**INSTRUCTIONS TO FOLLOW**
Nothing in the records that follow should differ once you have copied them out.
+++
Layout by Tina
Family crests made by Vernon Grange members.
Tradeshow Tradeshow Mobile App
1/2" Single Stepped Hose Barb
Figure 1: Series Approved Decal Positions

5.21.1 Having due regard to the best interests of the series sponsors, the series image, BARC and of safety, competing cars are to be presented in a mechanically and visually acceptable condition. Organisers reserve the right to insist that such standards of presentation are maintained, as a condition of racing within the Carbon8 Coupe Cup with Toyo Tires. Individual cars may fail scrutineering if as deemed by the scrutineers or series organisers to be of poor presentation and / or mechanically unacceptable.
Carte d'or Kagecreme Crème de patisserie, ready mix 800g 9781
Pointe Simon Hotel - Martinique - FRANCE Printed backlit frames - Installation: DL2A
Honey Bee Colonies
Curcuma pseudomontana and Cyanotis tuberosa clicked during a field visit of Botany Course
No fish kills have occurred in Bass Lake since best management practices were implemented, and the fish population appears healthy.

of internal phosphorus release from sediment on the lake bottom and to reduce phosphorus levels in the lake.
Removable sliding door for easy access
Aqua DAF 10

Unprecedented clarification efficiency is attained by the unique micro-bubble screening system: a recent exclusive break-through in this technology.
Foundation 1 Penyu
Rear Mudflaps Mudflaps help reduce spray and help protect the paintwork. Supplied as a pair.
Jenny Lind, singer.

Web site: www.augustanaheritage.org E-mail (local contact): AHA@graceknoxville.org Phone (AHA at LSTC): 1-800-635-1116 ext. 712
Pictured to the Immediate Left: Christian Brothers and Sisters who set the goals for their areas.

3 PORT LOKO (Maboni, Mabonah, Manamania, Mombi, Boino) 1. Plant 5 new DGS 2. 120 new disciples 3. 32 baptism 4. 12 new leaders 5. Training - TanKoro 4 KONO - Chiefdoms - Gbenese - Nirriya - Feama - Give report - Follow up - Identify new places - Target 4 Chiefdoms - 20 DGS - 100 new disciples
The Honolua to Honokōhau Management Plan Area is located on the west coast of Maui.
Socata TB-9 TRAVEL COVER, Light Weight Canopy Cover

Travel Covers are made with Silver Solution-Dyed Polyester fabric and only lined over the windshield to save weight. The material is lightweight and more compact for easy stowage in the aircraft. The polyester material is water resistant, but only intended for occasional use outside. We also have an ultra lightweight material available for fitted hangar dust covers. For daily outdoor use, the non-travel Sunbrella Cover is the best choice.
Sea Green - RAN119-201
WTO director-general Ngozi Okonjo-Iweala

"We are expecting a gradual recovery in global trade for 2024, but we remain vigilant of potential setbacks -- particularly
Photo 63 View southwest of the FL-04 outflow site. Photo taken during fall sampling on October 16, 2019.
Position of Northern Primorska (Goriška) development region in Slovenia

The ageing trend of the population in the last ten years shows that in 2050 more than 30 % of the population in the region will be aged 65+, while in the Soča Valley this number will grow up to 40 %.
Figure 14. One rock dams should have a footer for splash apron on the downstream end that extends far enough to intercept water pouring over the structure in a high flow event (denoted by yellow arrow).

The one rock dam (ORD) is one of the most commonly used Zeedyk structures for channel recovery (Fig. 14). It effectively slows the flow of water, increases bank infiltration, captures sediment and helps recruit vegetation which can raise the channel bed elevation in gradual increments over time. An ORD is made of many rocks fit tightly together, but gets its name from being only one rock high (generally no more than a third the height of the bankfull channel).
+++
**OUTPUT OF THE TASK**
Layout by Tina
Family crests made by Vernon Grange members.
Tradeshow Tradeshow Mobile App
1/2" Single Stepped Hose Barb
Figure 1: Series Approved Decal Positions

5.21.1 Having due regard to the best interests of the series sponsors, the series image, BARC and of safety, competing cars are to be presented in a mechanically and visually acceptable condition. Organisers reserve the right to insist that such standards of presentation are maintained, as a condition of racing within the Carbon8 Coupe Cup with Toyo Tires. Individual cars may fail scrutineering if as deemed by the scrutineers or series organisers to be of poor presentation and / or mechanically unacceptable.
Carte d'or Kagecreme Crème de patisserie, ready mix 800g 9781
Pointe Simon Hotel - Martinique - FRANCE Printed backlit frames - Installation: DL2A
Honey Bee Colonies
Curcuma pseudomontana and Cyanotis tuberosa clicked during a field visit of Botany Course
No fish kills have occurred in Bass Lake since best management practices were implemented, and the fish population appears healthy.

of internal phosphorus release from sediment on the lake bottom and to reduce phosphorus levels in the lake.
Removable sliding door for easy access
Aqua DAF 10

Unprecedented clarification efficiency is attained by the unique micro-bubble screening system: a recent exclusive break-through in this technology.
Foundation 1 Penyu
Rear Mudflaps Mudflaps help reduce spray and help protect the paintwork. Supplied as a pair.
Jenny Lind, singer.

Web site: www.augustanaheritage.org E-mail (local contact): AHA@graceknoxville.org Phone (AHA at LSTC): 1-800-635-1116 ext. 712
Pictured to the Immediate Left: Christian Brothers and Sisters who set the goals for their areas.

3 PORT LOKO (Maboni, Mabonah, Manamania, Mombi, Boino) 1. Plant 5 new DGS 2. 120 new disciples 3. 32 baptism 4. 12 new leaders 5. Training - TanKoro 4 KONO - Chiefdoms - Gbenese - Nirriya - Feama - Give report - Follow up - Identify new places - Target 4 Chiefdoms - 20 DGS - 100 new disciples
The Honolua to Honokōhau Management Plan Area is located on the west coast of Maui.
Socata TB-9 TRAVEL COVER, Light Weight Canopy Cover

Travel Covers are made with Silver Solution-Dyed Polyester fabric and only lined over the windshield to save weight. The material is lightweight and more compact for easy stowage in the aircraft. The polyester material is water resistant, but only intended for occasional use outside. We also have an ultra lightweight material available for fitted hangar dust covers. For daily outdoor use, the non-travel Sunbrella Cover is the best choice.
Sea Green - RAN119-201
WTO director-general Ngozi Okonjo-Iweala

"We are expecting a gradual recovery in global trade for 2024, but we remain vigilant of potential setbacks -- particularly
Photo 63 View southwest of the FL-04 outflow site. Photo taken during fall sampling on October 16, 2019.
Position of Northern Primorska (Goriška) development region in Slovenia

The ageing trend of the population in the last ten years shows that in 2050 more than 30 % of the population in the region will be aged 65+, while in the Soča Valley this number will grow up to 40 %.
Figure 14. One rock dams should have a footer for splash apron on the downstream end that extends far enough to intercept water pouring over the structure in a high flow event (denoted by yellow arrow).

The one rock dam (ORD) is one of the most commonly used Zeedyk structures for channel recovery (Fig. 14). It effectively slows the flow of water, increases bank infiltration, captures sediment and helps recruit vegetation which can raise the channel bed elevation in gradual increments over time. An ORD is made of many rocks fit tightly together, but gets its name from being only one rock high (generally no more than a third the height of the bankfull channel).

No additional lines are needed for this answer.